Statement on trainee-funded residency positions in Lithuania and its impact in workforce planning
Statement on trainee-funded residency positions in Lithuania and its impact in workforce planning
The General Assembly of the European Junior Doctors Association (EJD) supports Lithuanian Junior Doctors in their claim against trainee-funded postgraduate training (PGT) and the improvement of health workforce planning in the country. Since the introduction of trainee-funded residency positions in Lithuania in 2009, this practice has exacerbated the difficulties of health workforce planning efforts by the Lithuanian Government. This model, which allows access to a certain specialty on the basis of personal wealth, fails to align with the actual medical workforce demand, and creates an inequitable system where privilege determines access to medical education, undermining fairness and equal opportunity.
In 2024, 429 doctors graduated from medical school in Lithuania, yet only 354 secured government-funded residency positions.

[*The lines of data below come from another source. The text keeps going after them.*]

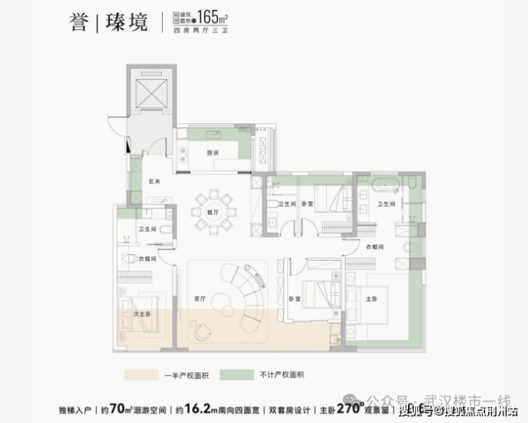 建面约165㎡四房,南向面宽可达约16.2m,主卧有270°观景,双套房设计,还有很多赠送的空间。
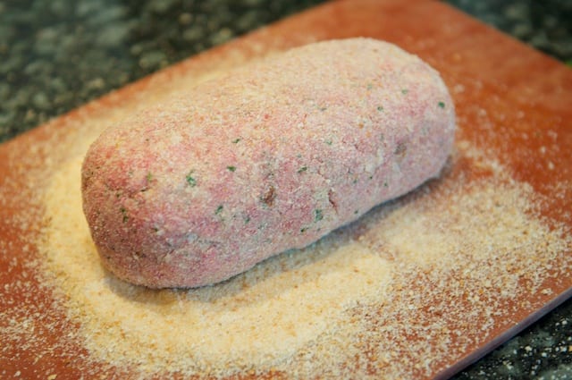 Form the mixture into a compact, elongated loaf, trying your best to eliminate any creases in the loaf. Then roll it in the dried breadcrumbs until the loaf is totally covered.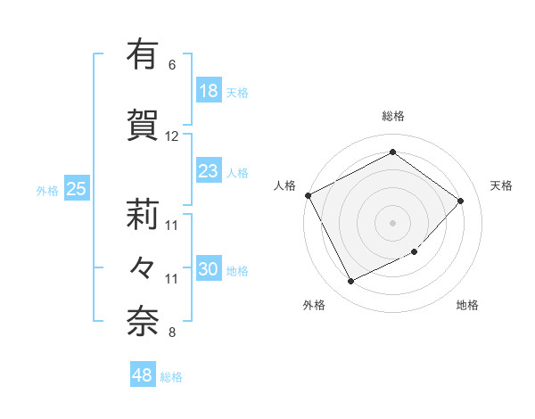 有賀 莉々奈さんを姓名の画数から五運を鑑定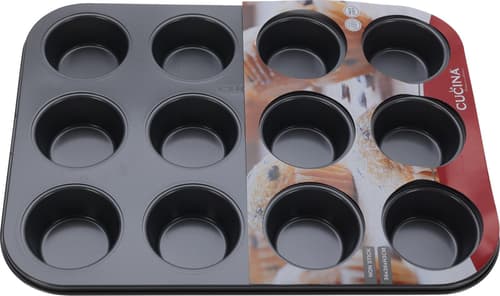 Diese Muffin‑Backform dient zum Backen von Muffins, Cupcakes oder ähnlichen Gebäckstücken. Sie kann in den Backofen gestellt werden und bietet eine gleichmäßige Hitzeverteilung. Typischerweise ist sie mit einer Antihaftbeschichtung versehen oder aus hitzebeständigem Metall gefertigt.

The remaining 17% of graduates faced the choice of paying for trainee-funded residencies or leaving the medical profession altogether, effectively hindering many medical graduates from advancing their training and becoming practicing doctors. Consequently, some may abandon the profession or even seek opportunities abroad. This situation represents an inefficiency in the use of public funds, as many students receive costly, government-funded education that does not translate into medical workforce contributions due to limited access to PGT.

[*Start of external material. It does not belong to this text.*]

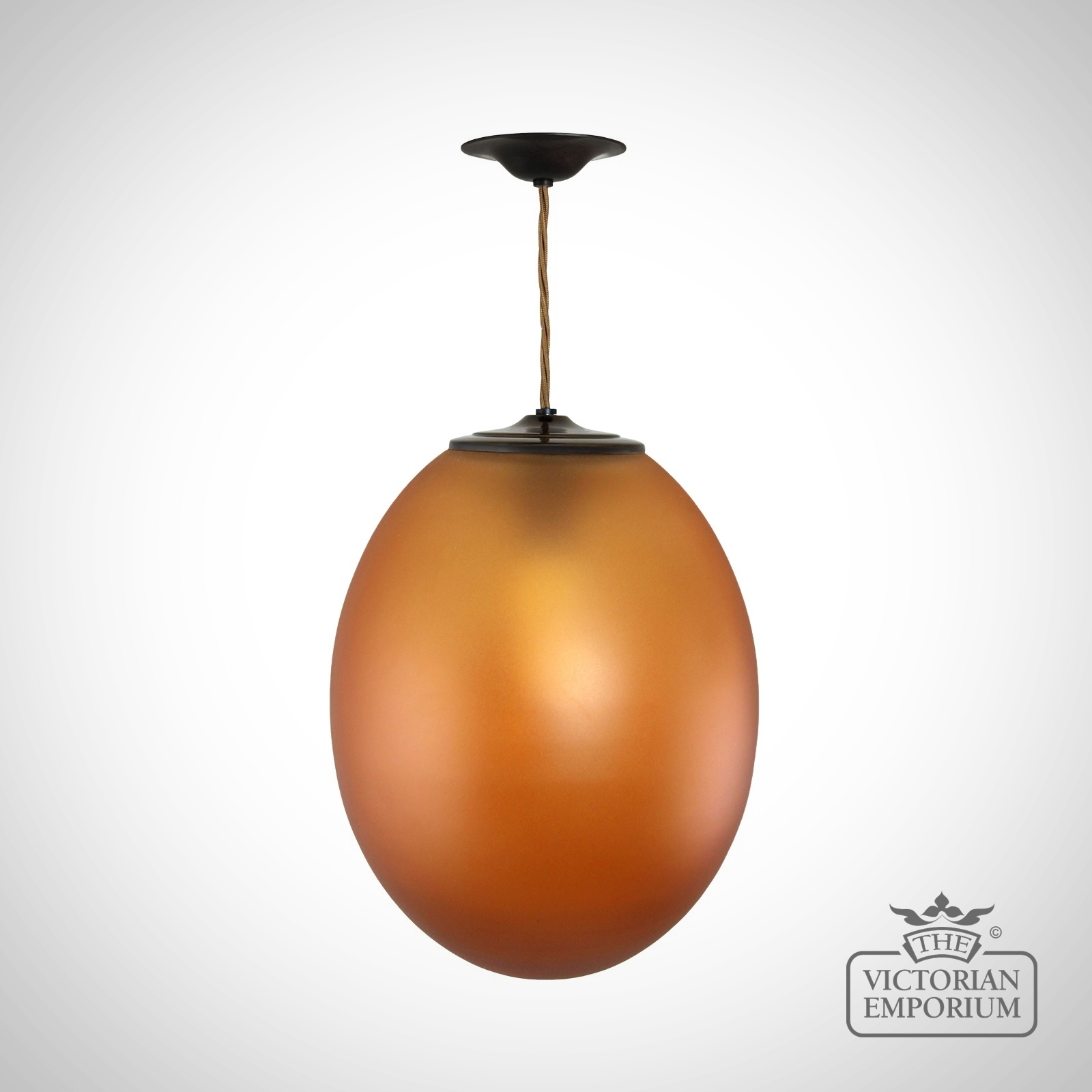 This is an egg shaped pendant with a hand blown glass shade in a choice of clear, etched or amber glass

The disparity between Lithuania’s healthcare needs and residency positions is further aggravated by a lack of cohesive workforce planning, as two separate entities - the Ministry of Health and two autonomous universities - hold decision-making power over residency allocations. This divided responsibility leads to a misalignment between healthcare demand and academic priorities, as universities determine the number of trainee-funded residency positions independently of national healthcare strategies. As a result, graduates who can afford PGT often gravitate toward popular specialties, leaving the most underserved fields with continued shortages.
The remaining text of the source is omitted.